* [Records for the exercise]

══════════════════════════════

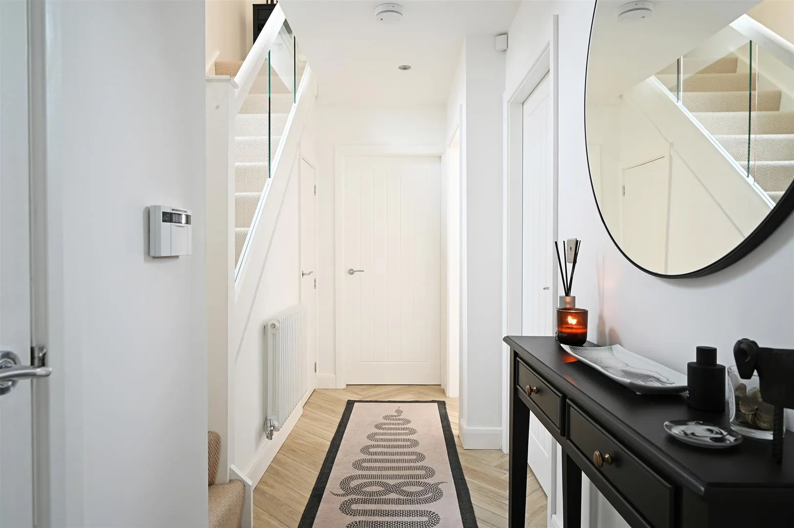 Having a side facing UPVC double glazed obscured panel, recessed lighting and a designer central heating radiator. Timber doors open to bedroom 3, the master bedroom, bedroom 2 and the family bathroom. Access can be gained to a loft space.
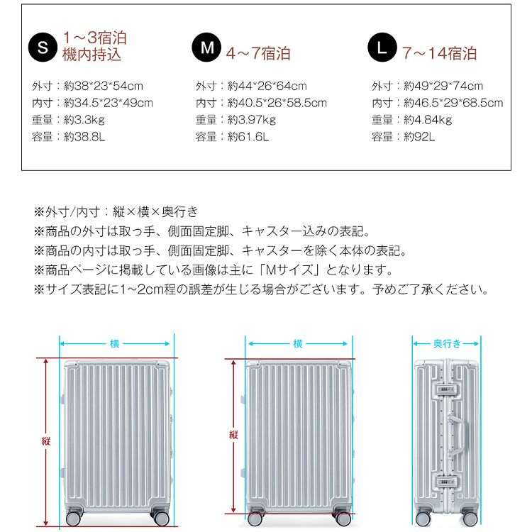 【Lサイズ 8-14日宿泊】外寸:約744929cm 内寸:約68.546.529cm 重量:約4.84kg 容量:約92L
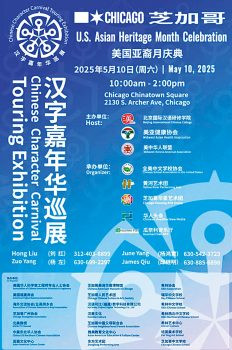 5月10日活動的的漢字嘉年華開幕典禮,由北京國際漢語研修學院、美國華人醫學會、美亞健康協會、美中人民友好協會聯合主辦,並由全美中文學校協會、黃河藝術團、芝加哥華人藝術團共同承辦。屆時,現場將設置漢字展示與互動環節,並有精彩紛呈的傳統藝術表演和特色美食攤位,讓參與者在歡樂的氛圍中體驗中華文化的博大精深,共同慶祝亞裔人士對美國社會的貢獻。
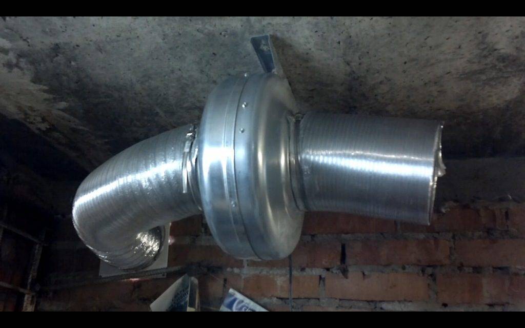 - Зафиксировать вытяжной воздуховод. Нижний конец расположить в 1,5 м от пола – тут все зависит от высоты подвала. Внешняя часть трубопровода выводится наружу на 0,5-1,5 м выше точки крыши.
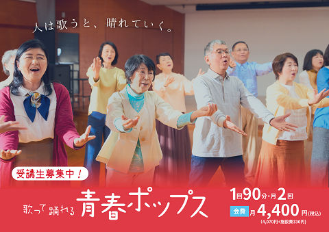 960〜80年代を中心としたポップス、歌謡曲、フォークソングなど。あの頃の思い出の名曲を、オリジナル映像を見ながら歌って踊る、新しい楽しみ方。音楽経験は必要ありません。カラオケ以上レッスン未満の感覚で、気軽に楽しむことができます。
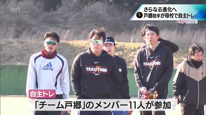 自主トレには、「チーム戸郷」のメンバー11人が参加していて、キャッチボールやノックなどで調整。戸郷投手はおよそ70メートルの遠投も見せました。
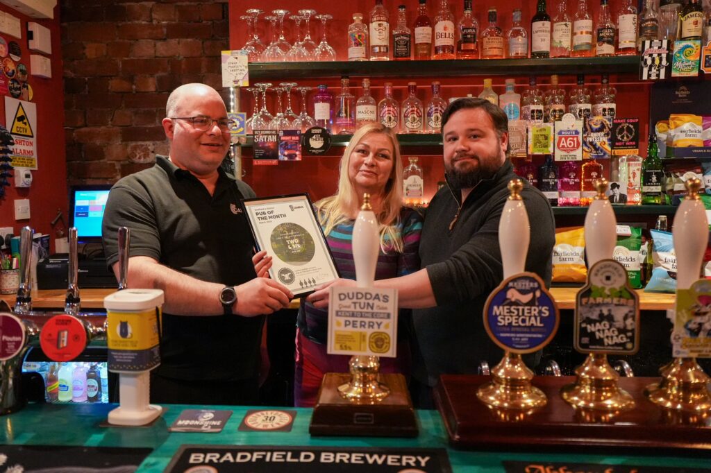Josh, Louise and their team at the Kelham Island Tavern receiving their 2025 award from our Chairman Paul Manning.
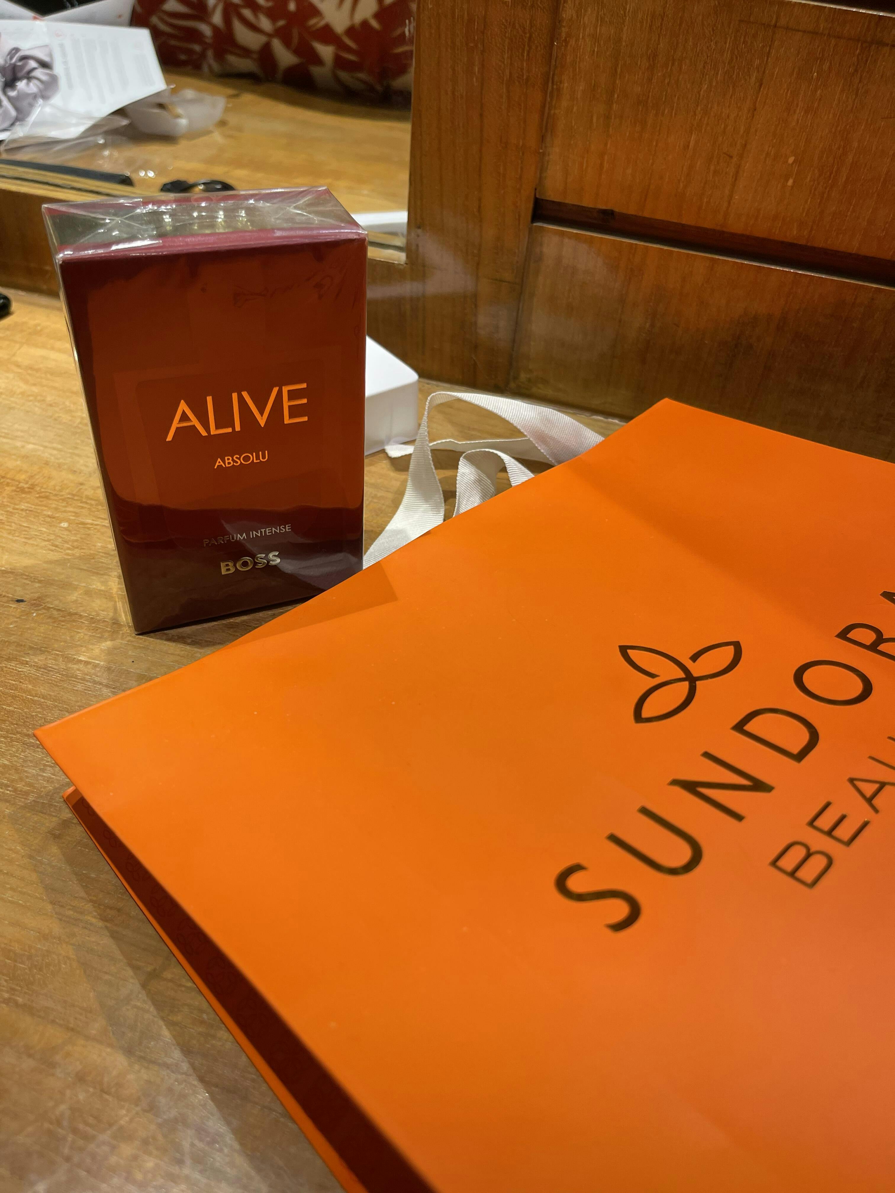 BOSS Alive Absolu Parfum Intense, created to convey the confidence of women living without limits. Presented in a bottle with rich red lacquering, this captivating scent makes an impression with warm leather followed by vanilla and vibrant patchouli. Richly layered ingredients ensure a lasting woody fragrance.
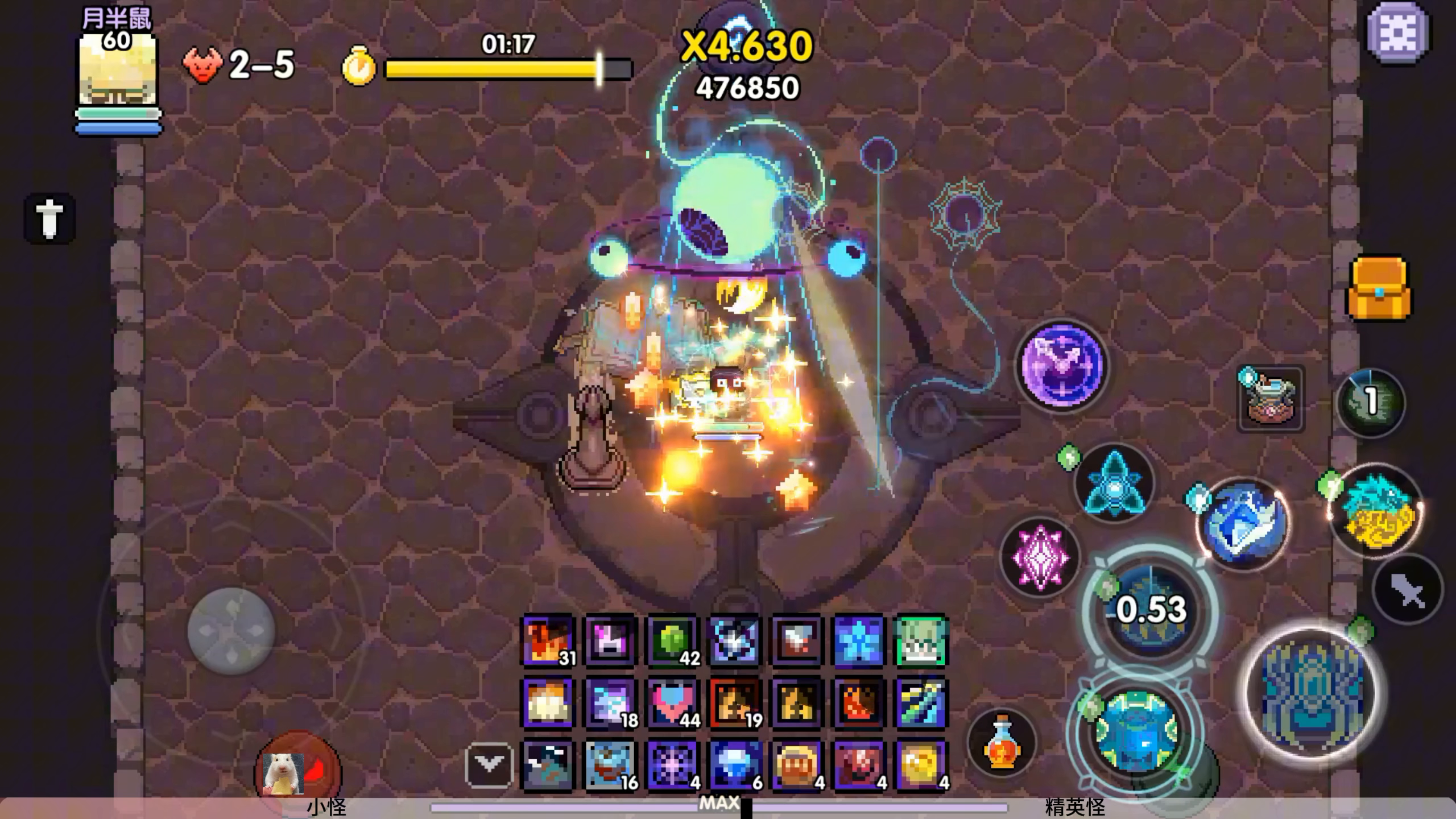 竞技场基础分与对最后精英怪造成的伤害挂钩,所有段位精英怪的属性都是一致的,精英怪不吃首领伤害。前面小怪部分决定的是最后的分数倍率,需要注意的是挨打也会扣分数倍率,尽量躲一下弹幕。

══════════════════════════════

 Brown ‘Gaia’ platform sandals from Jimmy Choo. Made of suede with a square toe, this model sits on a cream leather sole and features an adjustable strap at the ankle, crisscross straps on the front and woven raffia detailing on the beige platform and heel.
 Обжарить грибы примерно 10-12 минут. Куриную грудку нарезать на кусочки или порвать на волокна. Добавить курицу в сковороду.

══════════════════════════════

* [What the task requires] Repeat exactly the lines above, beginning at the one containing "BOSS Alive Absolu" and ending at the one containing "竞技场基础分与对最后精英怪造". Do not carry over any pictures.

* [Output for this task]
 BOSS Alive Absolu Parfum Intense, created to convey the confidence of women living without limits. Presented in a bottle with rich red lacquering, this captivating scent makes an impression with warm leather followed by vanilla and vibrant patchouli. Richly layered ingredients ensure a lasting woody fragrance.
 竞技场基础分与对最后精英怪造成的伤害挂钩,所有段位精英怪的属性都是一致的,精英怪不吃首领伤害。前面小怪部分决定的是最后的分数倍率,需要注意的是挨打也会扣分数倍率,尽量躲一下弹幕。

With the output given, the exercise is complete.